__TASK INSTRUCTIONS__. Below are the entries; give again exactly the lines from the one mentioning "Βαλιτσάκι νομισμάτων για" through the one mentioning "A Pair of Pears, (2025)", inclusive.

__SOURCE RECORDS__.
───

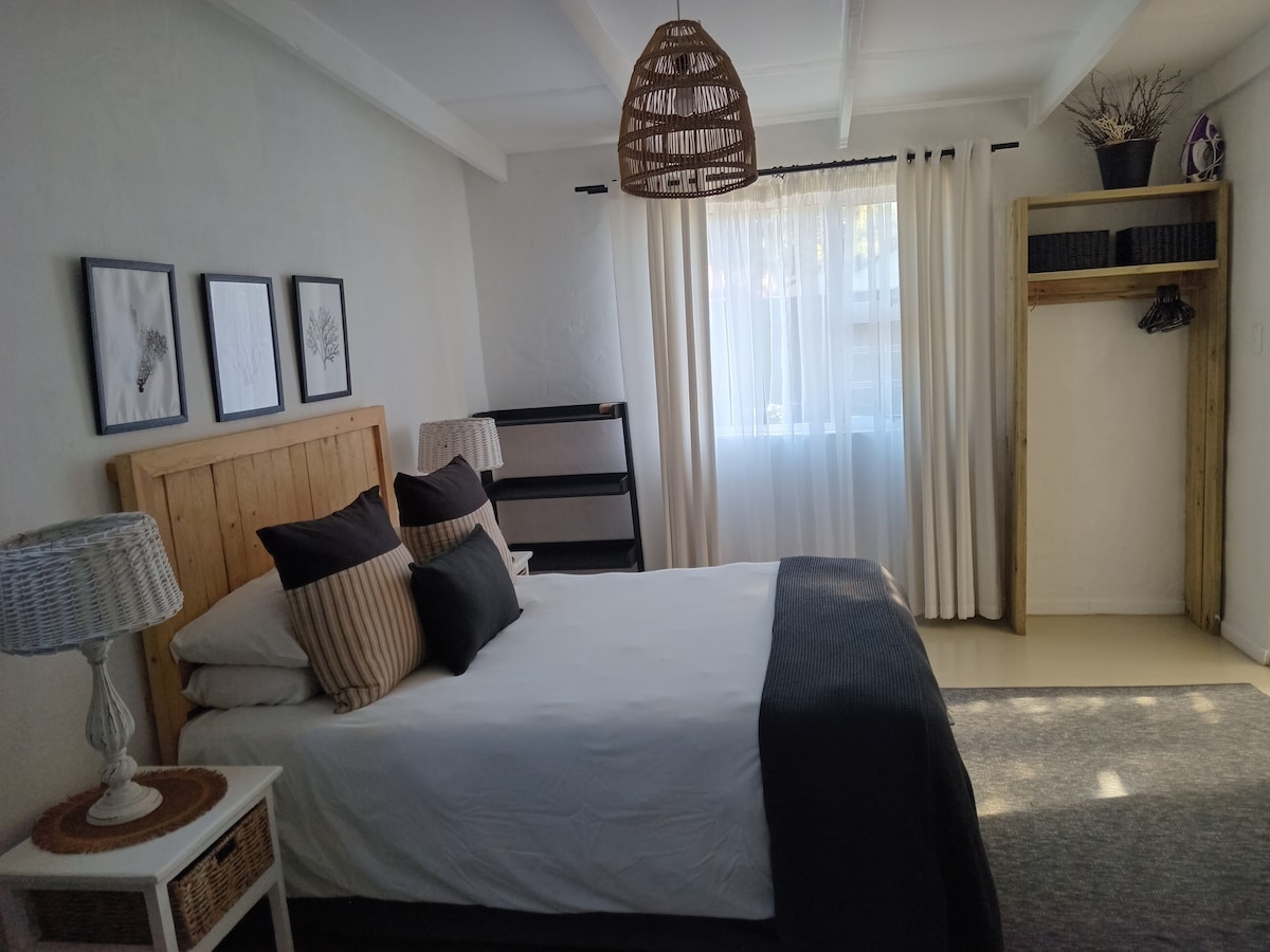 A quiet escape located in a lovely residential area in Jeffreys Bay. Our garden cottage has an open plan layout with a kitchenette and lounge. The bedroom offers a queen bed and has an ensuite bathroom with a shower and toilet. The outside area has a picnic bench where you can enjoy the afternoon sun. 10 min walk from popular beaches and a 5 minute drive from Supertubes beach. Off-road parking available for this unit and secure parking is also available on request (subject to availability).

───

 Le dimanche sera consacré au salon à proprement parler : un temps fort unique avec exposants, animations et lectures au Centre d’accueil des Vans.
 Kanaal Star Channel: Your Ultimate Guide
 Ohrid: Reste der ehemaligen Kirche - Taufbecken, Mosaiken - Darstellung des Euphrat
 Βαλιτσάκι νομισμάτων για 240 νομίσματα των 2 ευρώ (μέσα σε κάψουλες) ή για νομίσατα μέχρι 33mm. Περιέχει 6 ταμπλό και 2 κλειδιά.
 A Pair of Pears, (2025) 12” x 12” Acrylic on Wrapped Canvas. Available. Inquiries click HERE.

───

__RESPONSE FOR THIS EXERCISE__.
 Βαλιτσάκι νομισμάτων για 240 νομίσματα των 2 ευρώ (μέσα σε κάψουλες) ή για νομίσατα μέχρι 33mm. Περιέχει 6 ταμπλό και 2 κλειδιά.
 A Pair of Pears, (2025) 12” x 12” Acrylic on Wrapped Canvas. Available. Inquiries click HERE.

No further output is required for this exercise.